Мне тоже смешно. Постучали в дверь.
– Папа, ну что же Вы стучите?
– Когда люди смеются, и мне становится светлее. – у Моисея Абрамовича глаза красные. – Идите чай пить.
– Что же дальше было? – Меня разбирает любопытство.
– Да ничего. Другую справку состряпали, и меня записали в запас. Но я вот что думаю. Лучше бы я отслужил свое в мирное время. Научился бы стрелять. А теперь что? Начнется война, меня забреют в армию, а я не знаю, с какой стороны ружье заряжать. Убьют же в первый день.
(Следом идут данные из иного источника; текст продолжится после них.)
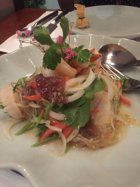 店員さんに辛いのは大丈夫ですか?と聞かれたので(英語です)「大丈夫です」と答えると(UR氏が 笑)なかなかの辛さのヤムウンセンが出てきて汗をかきながら食べました。でも、辛いだけじゃなくて美味しくてお箸が止まりません。

Чай был жидкий, сахар кусковой. Ровно по кусочку на человека. Попила я чаю и собралась домой.
Моисей Абрамович охал да ахал, а его сын сильно загрустил.
– Вы, Ирина, приходите, когда хотите, – жмет мне ладошку и щурится. Вот-вот слезы потекут.
– Мне скоро возвращаться в Ленинград надо, но я постараюсь. – Я не вру. Мне хочется ещё раз увидеть их обоих. Слушать Моисея Абрамовича интересно.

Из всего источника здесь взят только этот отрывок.